Each experiment uses Claude Opus 4.6 as the analyzer and runs 3 times for consistency. All experiments share the same three-phase pipeline but differ in the structured output the model must produce.
| # | Experiment | P-C | P-C Rigorous | P-C Flexible | CVE Recall | Vuln Findings | Benign Findings | Benign-Only Findings |
|---|---|---|---|---|---|---|---|---|
| 1 | No Justification | 13.6% | 8.7% | 13.6% | 27.6% | 63.4% | 52.4% | 27.4% |
| 2 | Limited Justification | 19.3% | 14.5% | 17.7% | 25.5% | 52.2% | 36.6% | 15.6% |
| 3 | Extensive Justification | 20.3% | 15.8% | 17.7% | 28.5% | 54.6% | 37.7% | 18.6% |
| 4 | Verification Agent | 23.3% | 16.2% | 18.5% | 28.9% | 57.2% | 43.2% | 24.7% |
All values are medians across 3 runs. Reference baseline: GPT-4 CoT = 12.94% P-C.
Each experiment runs 3 times. "All 3" means the result held in every run; "Any" means it held in at least one. This captures how stable the results were across runs.
| # | Experiment | CVE Recall All 3 | CVE Recall Any | P-C Rigorous All 3 | P-C Rigorous Any | P-C Flexible All 3 | P-C Flexible Any |
|---|---|---|---|---|---|---|---|
| 1 | No Justification | 22.0% | 33.1% | 5.9% | 11.1% | 7.6% | 19.6% |
| 2 | Limited Justification | 21.7% | 30.0% | 12.5% | 17.5% | 14.2% | 22.2% |
| 3 | Extensive Justification | 23.6% | 33.3% | 11.6% | 20.1% | 12.8% | 24.3% |
| 4 | Verification Agent | 19.4% | 37.6% | 9.9% | 23.4% | 10.6% | 27.2% |
Simple vulnerability analysis. The model reports CWEs, code snippets, and descriptions with no structured reasoning required.
Requires a Justification with an UndesiredOperation (code + CWEs) and step_by_step_execution tracking variable state through ProgramSteps. The model must demonstrate a concrete execution path from function entry to the undesired operation.
Full proof of reachability. The model must provide:
- UndesiredOperation: description, code, CWEs, impact, and the variable states required to trigger it
- Justification: initial variable state at function entry, then a trace of
DataTransformationsteps (in_state -> out_state) andConditionalStepsteps (prove each branch is taken given current state)
Same structured reasoning as experiment 3, plus a Claude Sonnet 4.6 verifier agent that checks each finding before inclusion. The verifier validates: is the undesired operation real, is the initial state correct, do steps follow logically, are conditionals justified, and does the final state match the preconditions. Findings get up to 2 verification attempts; unverified findings are discarded.

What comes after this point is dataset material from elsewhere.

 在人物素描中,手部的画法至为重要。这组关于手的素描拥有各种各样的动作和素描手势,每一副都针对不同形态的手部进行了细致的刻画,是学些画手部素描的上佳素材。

Each experiment follows the same three-phase pipeline:
analyze.py -> diff_judge.py -> judge.py
- Analyze (
analyze.py): Claude Opus 4.6 analyzes each of the 870 functions independently, producing structured vulnerability findings. - Diff Judge (
diff_judge.py): For each commit pair (vulnerable + fixed), matches findings across versions and categorizes them asvuln_only,benign_only, orshared. - Judge (
judge.py): Evaluatesvuln_onlyfindings against ground-truth CVE data to determine correctness.

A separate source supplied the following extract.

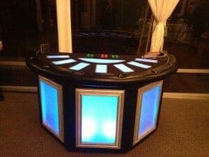 Let us turn your event, or party into a gaming room straight out of Las Vegas! Professional dealers, croupiers and décor are added to enhance the excitement. Tables available are Black Jack, Roulette, Money Wheel, Craps Table, Caribbean Poker, Scenery and Slot Machines. Individual Tables include chips, cards, dice, dealers. Personalized money is also available. We have a variety of suggested packages.

All metrics are computed over the 435 vulnerability/fix pairs. After analysis, the diff judge categorizes each finding as vuln_only (unique to vulnerable version), benign_only (unique to fixed version), or shared (present in both). The judge then evaluates whether each vuln_only finding correctly identifies the ground-truth CVE.
| Metric | Definition |
|---|---|
| P-C | % of pairs where the vulnerable side has at least one finding and the benign side has zero findings (no benign_only, no shared). Measures raw discrimination: can the model tell vulnerable code from fixed code? |
| P-C Rigorous | P-C with the additional requirement that all vuln_only findings are judged as related to the ground-truth CVE. The strictest metric — the model must flag only the real vulnerability and nothing else, with a clean benign side. |
| P-C Flexible | % of pairs where all vuln_only findings are CVE-correct (at least one exists) and there are no benign_only findings. shared findings are permitted — these represent underlying issues not addressed by the patch. Every benign-side finding must have a corresponding linked vulnerable-side finding. |
| CVE Recall | % of pairs where the vulnerable side has at least one finding judged as related to the ground-truth CVE, regardless of what appears on the benign side. Measures the model's ability to detect the actual vulnerability. |
| Vuln Findings | % of vulnerable functions that have at least one finding (any category). |
| Benign Findings | % of benign functions that have at least one finding (any category). |
| Benign-Only Findings | % of benign functions that have at least one finding not also found on the vulnerable side (i.e., a benign_only finding with no linked shared counterpart). |
The PrimeVul paired test set contains 435 pairs (870 functions) from real security fixes across open-source C/C++ projects including Linux, TensorFlow, ImageMagick, FFmpeg, OpenSSL, mruby, and others. Each pair consists of:
- A vulnerable function (before the fix,
target=0) - A benign function (after the fix,
target=1)
Ground truth includes CVE ID, CWE classification, NVD URL, and commit message.
src/
experiments/
no-justification/ # Experiment 1
limited-justification/ # Experiment 2
extensive-justification/ # Experiment 3
verification-agent/ # Experiment 4
common/
primevul.duckdb # Dataset in DuckDB format
data/
experiments/
*/experiment.json # Experiment metadata
*/runs/{1,2,3}/ # Per-run outputs (analysis, diffed, judged, stats)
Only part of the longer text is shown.